His marks there would be unlikely to remind one of another bit of management consultant speak, that the main part of 'appraisal' is 'praise'.

Show him the door, and apply the boot in the right place for all our sakes!

Anonymous said...

I like the 360 degree appraisal!

You get a lod of people who you don't work directly with...and who probably only know you to say hello in the morning to write a report on how you interact with patients (even though they have never seen you do this), how competent you are ( i love ward clerk deciding on my prescribing skills), and how well you work with others.

I now am a better person and work much better with others.
Oh and being told i am competent to be a doctor by the HCA who was on my ward for an 8 hour shift makes me much more confident about my future.

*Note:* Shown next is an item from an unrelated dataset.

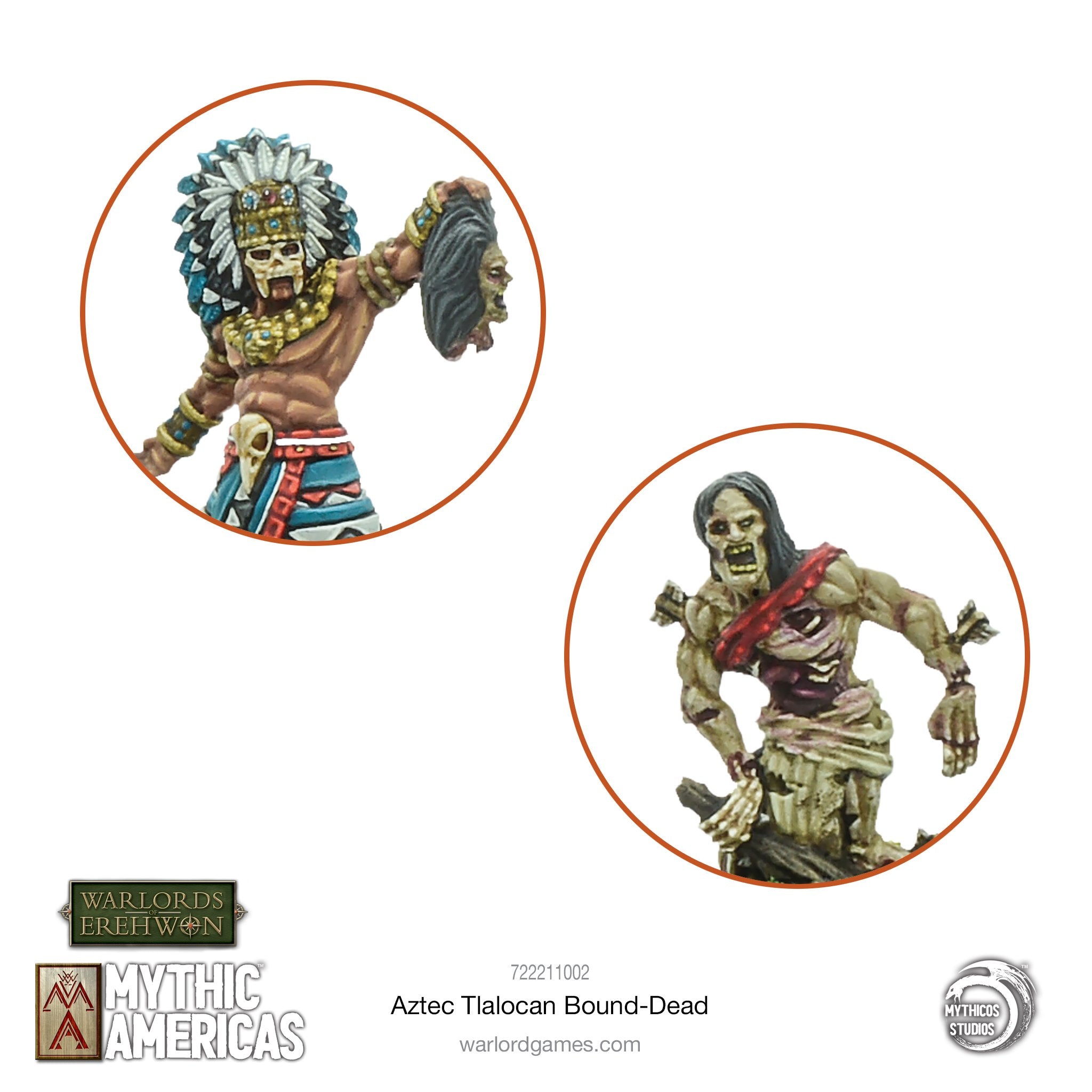 Tlalocan-Bound Dead \tlä-'lō-kən\– The Tlalocan-Bound Dead are the core undead warrior units for the warband. With no real weapons and lackluster stats these undead soldiers will benefit greatly from buff spells. When benefiting from Power Siphon the standard Bound Dead unit become powerful attackers or a hardy objective holder when enhanced with the Armor of the Gods.

Pubic Health Practitioner said...

Dr Cox is as perceptive as his namesake on Scrubs.

Long ago I worked in a galaxy which stretched from Westminster to the Old Kent Road. The prevalence of confidence in the top management of one particular "Group" was a princely 16% according to the annual staff survey.

I now realise that the then head of that group spent many hours reflecting - just like Narcissus.

lost_nurse said...

Amen, A+E C/N. Amazing how the faux-academic drivel seems to go hand-in-hand with ever greater chaos on the frontline.

PhD scientist said...

Has anyone, to anybody's knowledge, ever tried to claim their blog constitutes their "required reflective writing"?

Quite a few of the MedBlogs are (at least occasionally) reflective... e.g. The Lowly Worm, or the currently-off-the-air Hospital Phoenix. Or the currently sadly missed (though seemingly still extant) Dr Crippen.

I would say a good bit of reflective writing on a blog should score many more points (in a rational system) then some hurried piece of crap that was only written to stuff it in a file and prove you'd done it. But then I did say in a rational system.

Not sure if Dr Rant would qualify as reflective, though. You couldn't see the reflection as the water would be boiling with rage. Or if mirror, steamed up from the shouting.

And yes, where I work too the 1st year medical students all have "portfolios" that they are encouraged to fill with "reflective writing", and portfolio tutors (in academia, usually bought-back people who have been eased into early retirement on the grounds of general ineffectualness}.

So A&E CN's students are probably getting rather a good deal as these things go.

Rita said...

Pharmacists got the Shipman blow the hardest. Now we have very complex CD registers, and have to ask ID to everyone that collects them... What for? Who carries ID in this country?
And yes, we also have continuous professional education and reflexive practice.